Say what? It turns out that the novel has been written out of sequence, with the "most exciting" chapter yanked out of the middle and put at the beginning. But chapter two's not the beginning either. From chapter two we have to flash back again. And again.
Then there’s the one scene where Smith and Tessa actually do some landscaping work. Kudzu roots, Tessa tells Smith authoritatively, “don’t regenerate. Once I’ve cleared all remaining crowns by hand and painted the stalks with glyphosate, I’ll only need to watch out for seeds.” This is actually an ethically acceptable use of poison—painting herbicides directly onto the target plant, rather than spraying them all over the land and through the air—although salt and vinegar would be more reliably effective on the painted stalks and safer for the humans involved. Still, it shows that Cornell sold out, and is not a reliable source of information on kudzu. Poisoning any unwanted plant also wipes out whatever natural predators it has (kudzu has very few) and may also trigger aggressive second-growth patterns, meaning you have more of the plant to clean out by hand next year. If endorsing this bad landscaping idea destroys Cornell’s academic reputation forever, Cornell would deserve no less.
Kudzu roots are worth digging up because they are useful. But what property owners need to watch out for is more kudzu vines growing in from wherever the first one grew in from. The price of owning property in an area where kudzu has been introduced, especially if efforts have been made to check its growth by spraying any chemical on it, is eternal vigilance. Kudzu is a pest species because it grows unreasonably fast. Individual roots may not be regenerating, especially not if they've been harvested, but that makes no difference; there will always be more where the ones you wasted or harvested came from. If you have kudzu and you want to have a nice clean boxwood labyrinth, without a mat of monstrous vines obliterating the difference between paths and walls, you’ll need to watch out for invading kudzu vines. Daily.

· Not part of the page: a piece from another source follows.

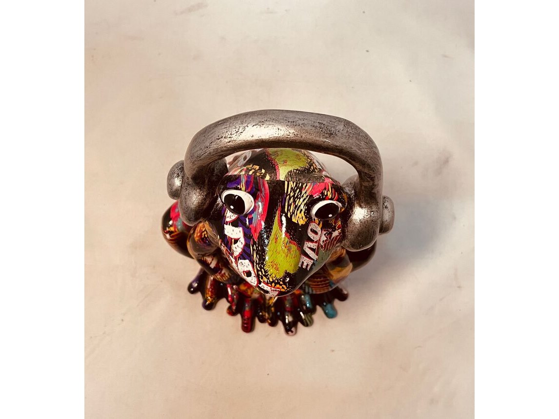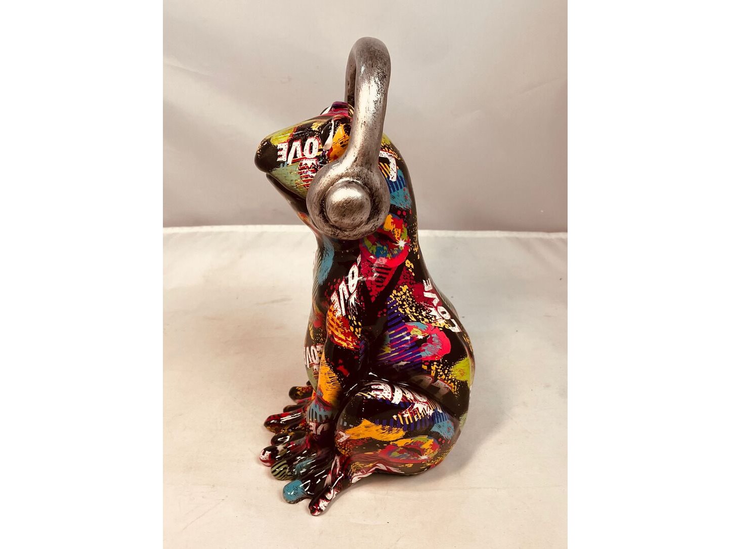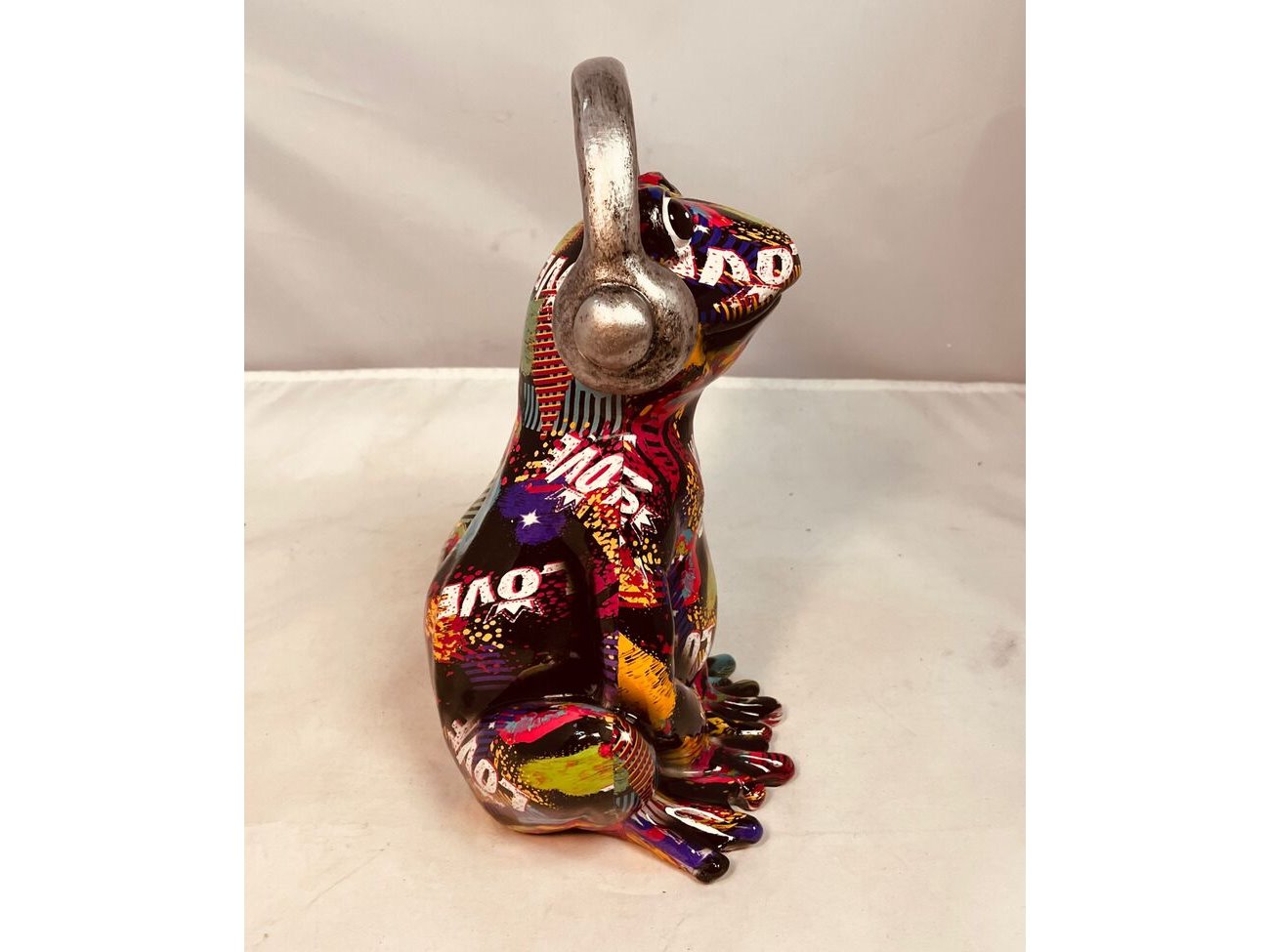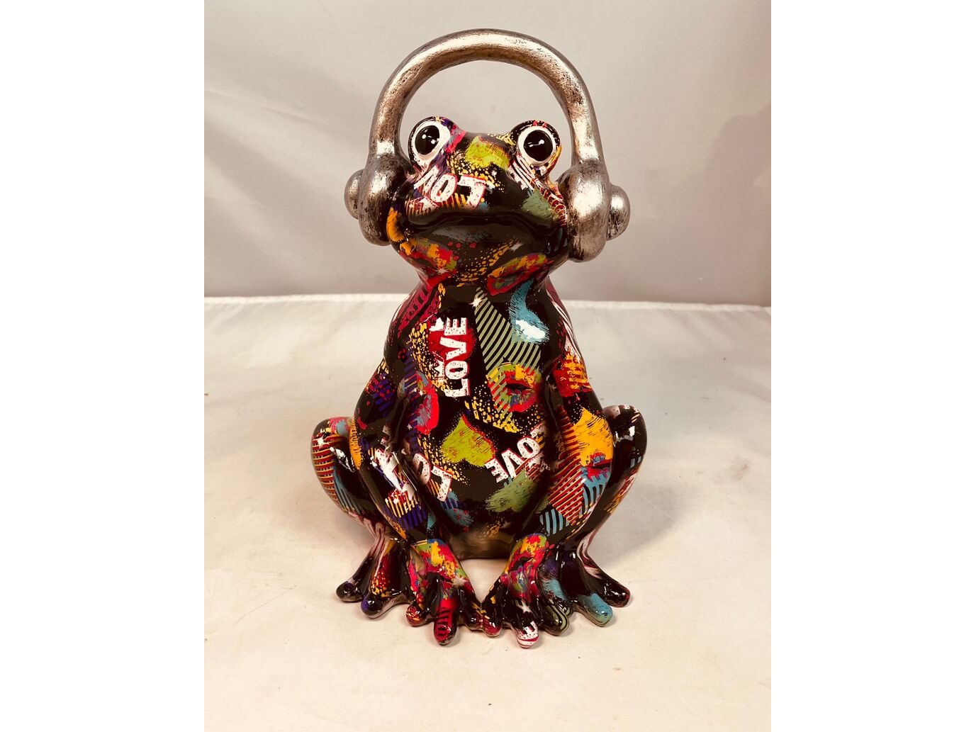 Product: Gedecoreerd kikker sculptuur Afmeting: 27cm x 17cm x 12cm Conditie: Nieuw Specificaties: Gedecoreerd kikker sculptuur

So, to a literary technique some readers will find annoying, this author has--no doubt in good faith--added a landscaping technique that will, if tried, help everyone to build a kudzu graveyard. In 2008 there was some excuse for not knowing better than this, but since 2018 there is no possible excuse for including a promotion for glyphosate in a novel. So...I burned the copy that was given to me.